By AUDREY COLEMAN
Courtesy Kansas Reflector
Dec. 5 marks one year since the passing of one of America’s greatest statesmen, U.S. Sen. Bob Dole.
In a time when bipartisan cooperation is an innovation rather than an empirical norm, we’re left with the historical examples. It’s instructive to remember that Dole reached the height of power and influence through dealmaking — shepherding nuanced, compromise legislative solutions into law and building a future-oriented consensus.
In honor of him, and fortunately for us, the values that produced these compromises are still alive and well at the University of Kansas’ Dole Institute of Politics. Since 2003, the Dole Institute has promoted civility, bipartisanship, and public service — elements of human character made institutional mission.

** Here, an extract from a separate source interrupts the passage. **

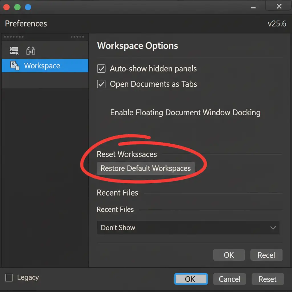 If the Photoshop Generative Fill taskbar missing v25.6 issue persists, the underlying Photoshop Preferences may be corrupted. You will need to restore the default workspaces from the settings menu.

As a witness and participant in Dole’s memorial services last year, another of his defining qualities prevailed among the public remarks and personal conversations: his optimism, a posture not always present but well-considered and hard-fought.

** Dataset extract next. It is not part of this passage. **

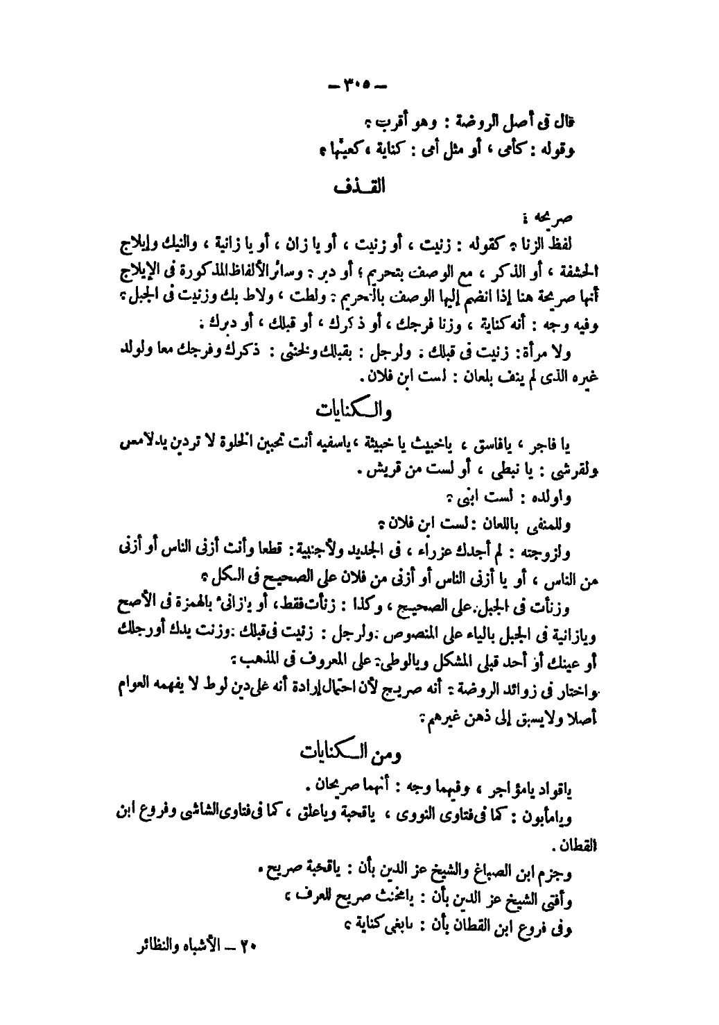 وَفِيهِ وَجْهٌ: أَنَّهُ كِنَايَةٌ، وَزَنَا فَرْجُك، أَوْ ذَكَرُك، أَوْ قُبُلُك، أَوْ دُبُرُك. وَلَامْرَأَةٍ: زَنَيْت فِي قُبُلِك. وَلِرَجُلٍ: بِقُبُلِك وَلِخُنْثَى: ذَكَرُك وَفَرْجُك مَعًا وَلِوَلَدِ غَيْرِهِ الَّذِي لَمْ يُنْفَ بِلِعَانٍ: لَسْت ابْنَ فُلَانٍ. وَالْكِنَايَاتُ يَا فَاجِرُ، يَا فَاسِقُ، يَا خَبِيثُ يَا خَبِيثَةُ، يَا سَفِيهُ أَنْتِ تُحِبِّينَ الْخَلْوَةَ لَا تَرُدِّينَ يَدَ لَامِسٍ وَلِقُرَشِيٍّ: يَا نَبَطِيُّ، أَوْ لَسْت مِنْ قُرَيْشٍ. وَلِوَلَدِهِ: لَسْت ابْنِي وَلِلْمَنْفِيِّ بِاللِّعَانِ لَسْت ابْنَ فُلَانٍ.

Optimism has been a hard sell of late to students on college campuses, and all of us beyond, conjuring either willful obliviousness or a delusion excusing norm-destroying behavior. But the optimism Dole came to know was constructive, centering the belief beyond all doubt that he — and you, and I — possessed the power to surmount the day’s challenges together and regardless of political difference.

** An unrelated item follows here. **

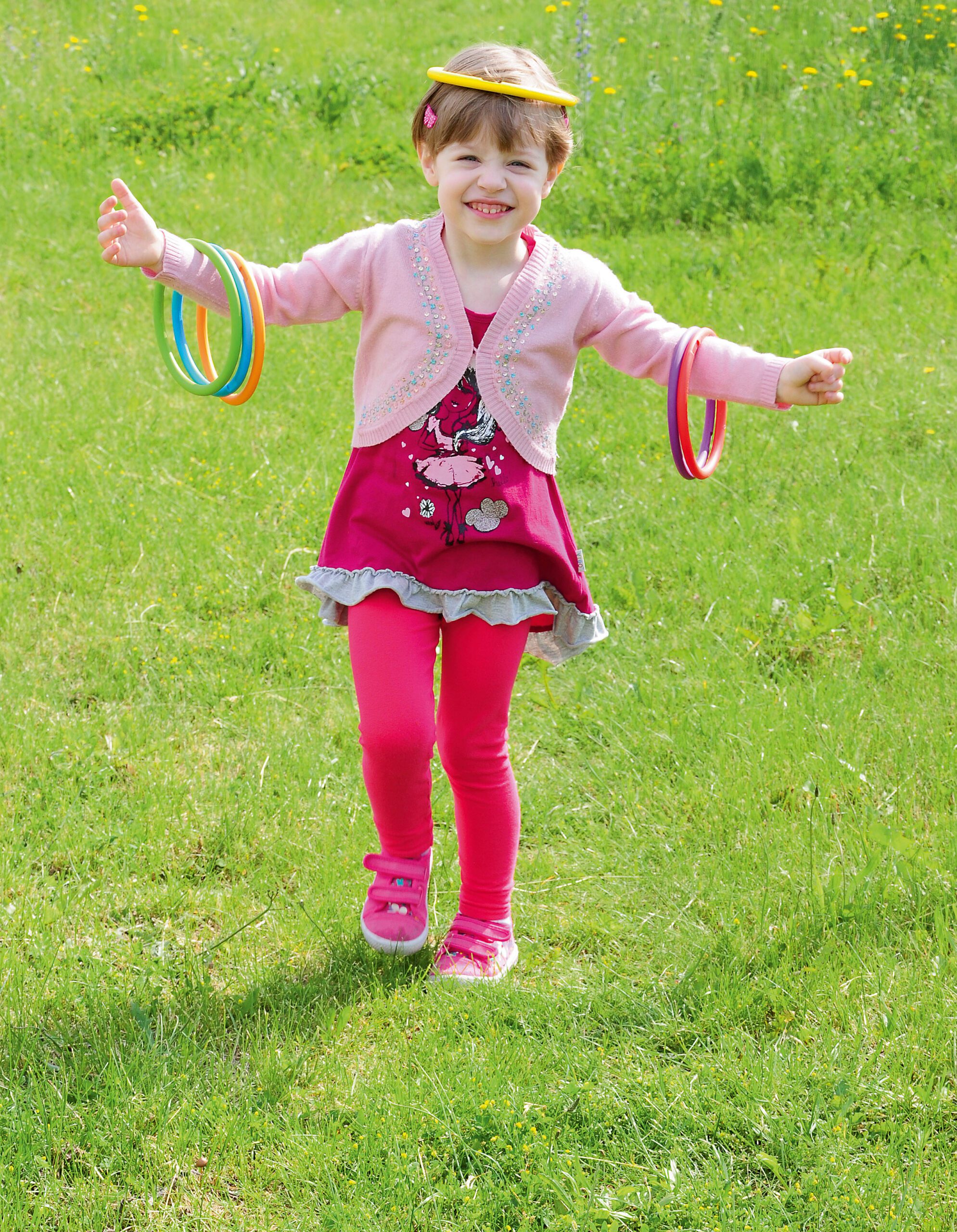 Estafečių žiedų rinkinys, pagamintas iš aukštos kokybės plastikos. Naudojamas žaidimams, kurie skatina vaikų motorinį vystymąsi.

Partisanship was a means, not an end.
Several weeks ago, among an already busy slate of engagement opportunities for young people, the Dole Institute hosted an exchange between KU students, largely Kansan and Midwestern, with a group of students from Harvard Kennedy School’s Institute of Politics for conversation about political polarization, political participation and democracy’s future in this country. Twelve undergraduate students of different places, backgrounds and beliefs dedicated their weekend to one another, deliberating actionable steps to address what comes next for our country.
Those of us who had the privilege to witness this next generation — their smarts, compassion, earnestness of purpose — would be forgiven our optimism for our nation’s future.
The 118th Congress will convene in January, and again arrives the opportunity for a new cohort of leaders to turn from bitter partisanship toward compromise and consensus. That expectation might seem unreasonable given our political climate, but as the midterm election results showed, the electorate is ready for a change in tone.
In this way, perhaps, the past is again an inspiration. More than a quarter-century ago, Dole accepted the Republican nomination for president with a speech that closed in these words:
Optimism is in our blood. I know this as few others can. There once was a time when I doubted the future. But I have learned as many of you have learned that obstacles can be overcome.
And I have unlimited confidence in the wisdom of our people and the future of our country.
Tonight, I stand before you tested by adversity, made sensitive by hardship, a fighter by principle, and the most optimistic man in America.
My life is proof that America is a land without limits. And with my feet on the ground and my heart filled with hope, I put my faith in you and in the God who loves us all.
For I am convinced that America’s best days are yet to come.
We don’t typically look for the next wave of the future in institutions, which tend to be about as revolutionary as nostalgia for a receding past. But at their best, when reflecting human nature’s finest qualities, they are both an essential foundation of and sustaining nourishment for an enduring democratic society.
On a sad day for so many, how fortunate we are that Dole’s legacy lives through a thriving institution dedicated to the only kind of leadership that will secure our country’s future.
Audrey Coleman is the director of the Robert J. Dole Institute of Politics at the University of Kansas in Lawrence.